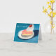 Süß, fröhlich und voller Charme zeigt diese Grußkarte ein originales Acryl-Gemälde einer leckeren Scheibe Erdbeertorte, belegt mit Schlagsahne und einer hellroten Kirsche. Vor einem lebendigen blauen Hintergrund sitzt das Dessert auf einem klassischen weißen Teller und schafft ein spielerisches Stillleben, das sich sowohl nostalgisch als auch unterhaltsam anfühlt.
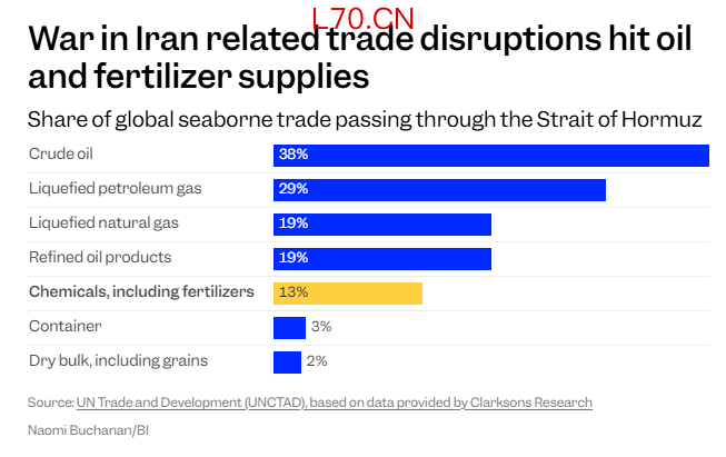 美国主要行业组织化肥研究所(Fertilizer Institute)解释说,全球近50%的尿素和硫磺,以及20%的天然气(氮肥的原料)都要经过霍尔木兹海峡。
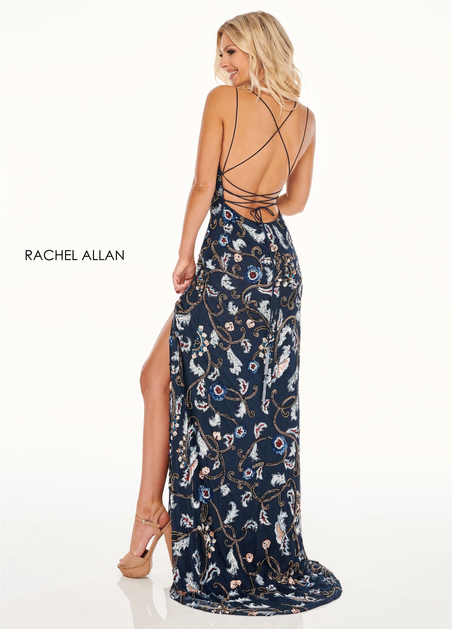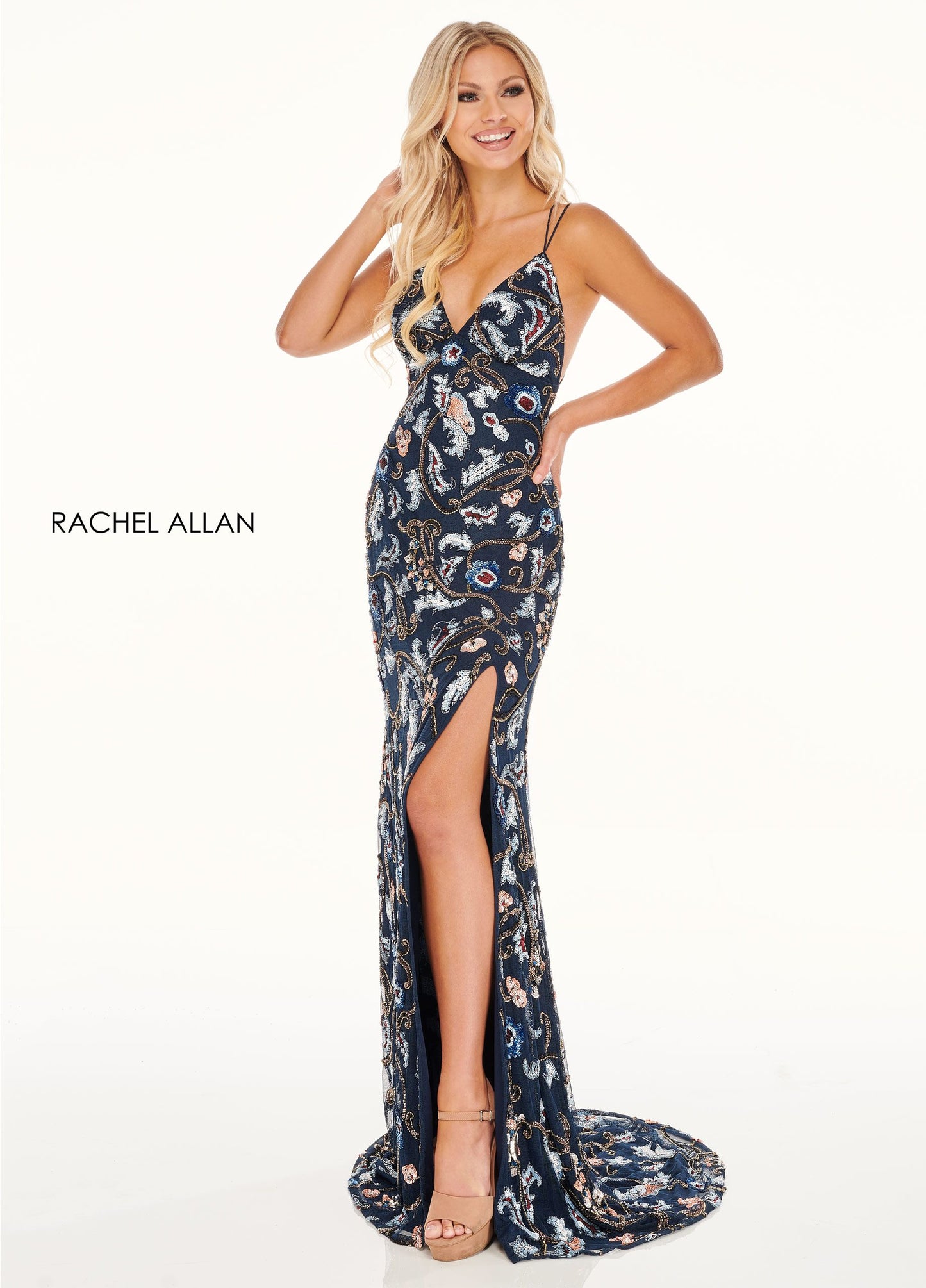 V-NECK FITTED LONG PROM DRESSES IN NAVY COLOR
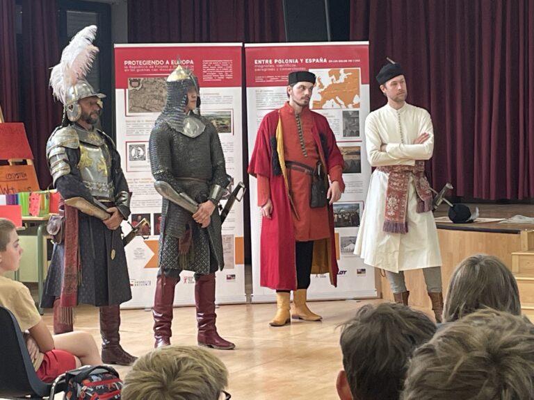 2023 – Połączyliśmy udział w drugiej edycji imprezy Yecla – Siglo de Oro z aktywnościami skierowanymi do środowisk polonijnych. Stworzyliśmy mały projekt „Polonia. No tan distante”, dzięki któremu odbyliśmy lekcje żywej historii dla szkół do których uczęszczają polskie dzieci: Szkoła Polska przy Ambasadzie (ORPEG) jak i lokalnych szkół hiszpańskich. (https://madryt.orpeg.pl/2023/06/02/lekcja-zywej-historii-z-grupa-rekonstrukcyjna-pospolite-ruszenie-z-krakowa/). Działanie to spotkało się z ogromnym uznaniem wśród odbiorców i wskazało na znaczny potencjał w tym obszarze. Stowarzyszenie miało także wziąć udział w polonijnym pikniku Stowarzyszenia FORUM w parku La Jarossa, jednakże nie doszło do niego ze względu na załamanie pogodowe.
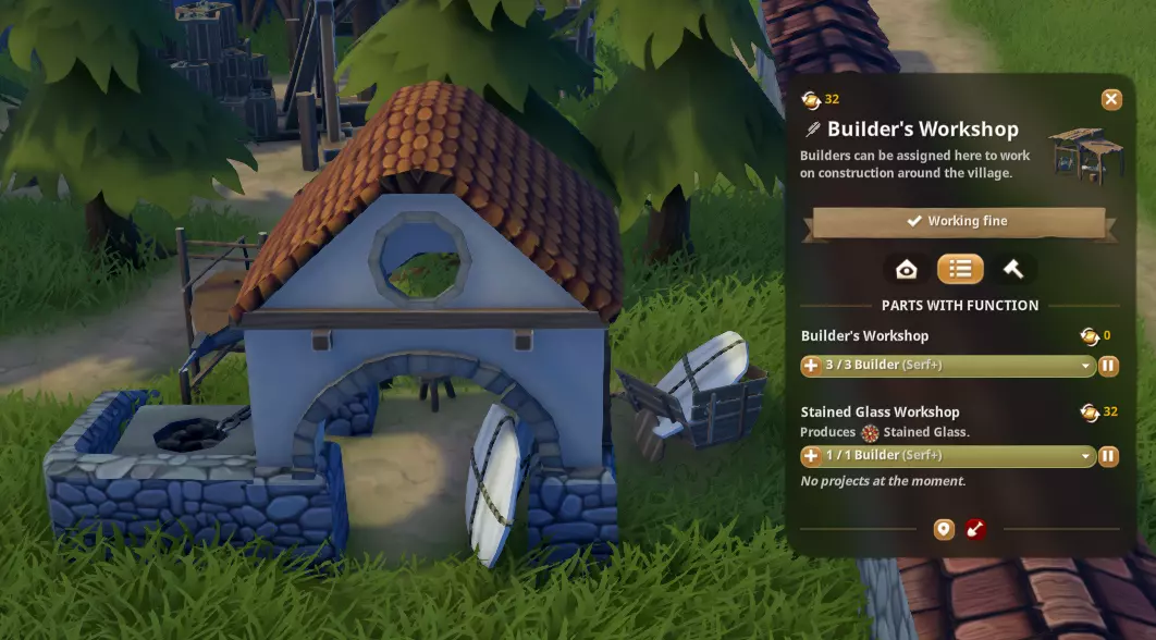 彩色玻璃工坊和雕塑工坊一样,它的位置可能和你想的不一样——它并不依附于玻璃熔炉,而是由建筑工人小屋改造而来(这确实有点让人困惑)。不过这栋建筑看起来相当可爱。它需要消耗玻璃和工具。因此,根据你的游戏玩法,你可以建造一座玻璃熔炉,并雇佣一名市民用石英来制作玻璃(希望你已经找到了石英矿,因为石英是无法购买的)。或者,你也可以直接购买玻璃并存入仓库,之后工人们会从仓库取玻璃并送到工坊。
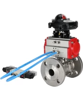 Кран шаровой DN.ru BV3232P(3pc)-FP-F-ISO-H Ду80 Ру25, трехсоставной полнопроходной фланцевый, нержавеющая сталь SS316, уплотнение - PTFE, с пневмоприводом PA-SA-140 с возвратными пружинами, с пневмораспределителем 4V320-10 220В, с БКВ APL-210N с сертификатами качества. Доставка. Гарантия. В наличии! Звоните!
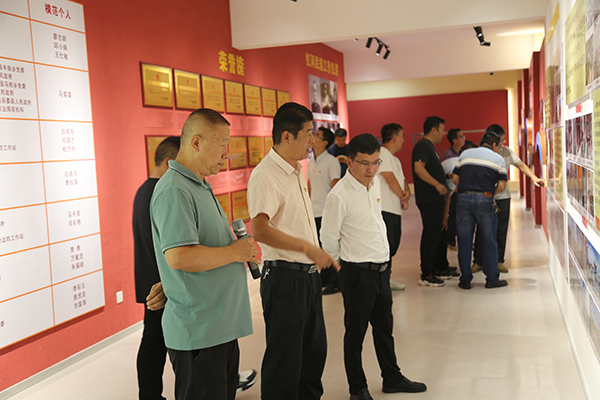 大家边走边看,了解基地布展设计框架,项目建设进展情况,听取州民族宗教委一级调研员张俊伟介绍布展情况说明。参加人员对布展图片、文字说明进行认真审核,并提出修改建议和意见。
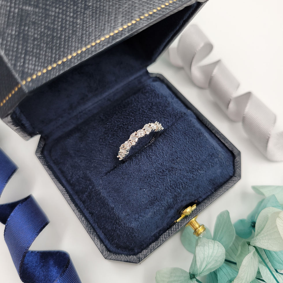 MR278 - 1 Carat Emerald Cut and Round Cut Moissanite band - 1卡祖母綠形切割圓形莫桑石排戒
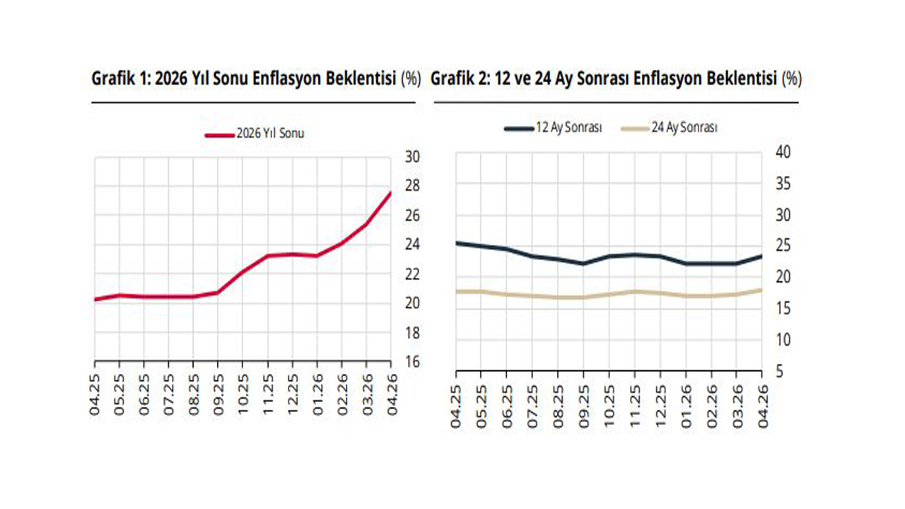 TCMB, Nisan 2026 dönemine ilişkin Piyasa Katılımcıları Anketi verilerini açıkladı. Buna göre; katılımcıların cari yıl sonu tüketici enflasyonu beklentisi bir önceki anket döneminde yüzde 25,38 iken, bu anket döneminde yüzde 27,53 oldu. 12 ay sonrası TÜFE beklentisi bir önceki anket döneminde yüzde 22,17 iken, bu anket döneminde yüzde 23,39 oldu. 24 ay sonrası TÜFE beklentisi ise bir önceki anket döneminde yüzde 17,30 iken, bu anket döneminde yüzde 18,02 olarak gerçekleşti.

---

DIRECTIONS> Please repeat the entries exactly. Do not include the pictures.

EXPECTED OUTPUT>
 Süß, fröhlich und voller Charme zeigt diese Grußkarte ein originales Acryl-Gemälde einer leckeren Scheibe Erdbeertorte, belegt mit Schlagsahne und einer hellroten Kirsche. Vor einem lebendigen blauen Hintergrund sitzt das Dessert auf einem klassischen weißen Teller und schafft ein spielerisches Stillleben, das sich sowohl nostalgisch als auch unterhaltsam anfühlt.
 美国主要行业组织化肥研究所(Fertilizer Institute)解释说,全球近50%的尿素和硫磺,以及20%的天然气(氮肥的原料)都要经过霍尔木兹海峡。
 V-NECK FITTED LONG PROM DRESSES IN NAVY COLOR
 2023 – Połączyliśmy udział w drugiej edycji imprezy Yecla – Siglo de Oro z aktywnościami skierowanymi do środowisk polonijnych. Stworzyliśmy mały projekt „Polonia. No tan distante”, dzięki któremu odbyliśmy lekcje żywej historii dla szkół do których uczęszczają polskie dzieci: Szkoła Polska przy Ambasadzie (ORPEG) jak i lokalnych szkół hiszpańskich. (https://madryt.orpeg.pl/2023/06/02/lekcja-zywej-historii-z-grupa-rekonstrukcyjna-pospolite-ruszenie-z-krakowa/). Działanie to spotkało się z ogromnym uznaniem wśród odbiorców i wskazało na znaczny potencjał w tym obszarze. Stowarzyszenie miało także wziąć udział w polonijnym pikniku Stowarzyszenia FORUM w parku La Jarossa, jednakże nie doszło do niego ze względu na załamanie pogodowe.
 彩色玻璃工坊和雕塑工坊一样,它的位置可能和你想的不一样——它并不依附于玻璃熔炉,而是由建筑工人小屋改造而来(这确实有点让人困惑)。不过这栋建筑看起来相当可爱。它需要消耗玻璃和工具。因此,根据你的游戏玩法,你可以建造一座玻璃熔炉,并雇佣一名市民用石英来制作玻璃(希望你已经找到了石英矿,因为石英是无法购买的)。或者,你也可以直接购买玻璃并存入仓库,之后工人们会从仓库取玻璃并送到工坊。
 Кран шаровой DN.ru BV3232P(3pc)-FP-F-ISO-H Ду80 Ру25, трехсоставной полнопроходной фланцевый, нержавеющая сталь SS316, уплотнение - PTFE, с пневмоприводом PA-SA-140 с возвратными пружинами, с пневмораспределителем 4V320-10 220В, с БКВ APL-210N с сертификатами качества. Доставка. Гарантия. В наличии! Звоните!
 大家边走边看,了解基地布展设计框架,项目建设进展情况,听取州民族宗教委一级调研员张俊伟介绍布展情况说明。参加人员对布展图片、文字说明进行认真审核,并提出修改建议和意见。
 MR278 - 1 Carat Emerald Cut and Round Cut Moissanite band - 1卡祖母綠形切割圓形莫桑石排戒
 TCMB, Nisan 2026 dönemine ilişkin Piyasa Katılımcıları Anketi verilerini açıkladı. Buna göre; katılımcıların cari yıl sonu tüketici enflasyonu beklentisi bir önceki anket döneminde yüzde 25,38 iken, bu anket döneminde yüzde 27,53 oldu. 12 ay sonrası TÜFE beklentisi bir önceki anket döneminde yüzde 22,17 iken, bu anket döneminde yüzde 23,39 oldu. 24 ay sonrası TÜFE beklentisi ise bir önceki anket döneminde yüzde 17,30 iken, bu anket döneminde yüzde 18,02 olarak gerçekleşti.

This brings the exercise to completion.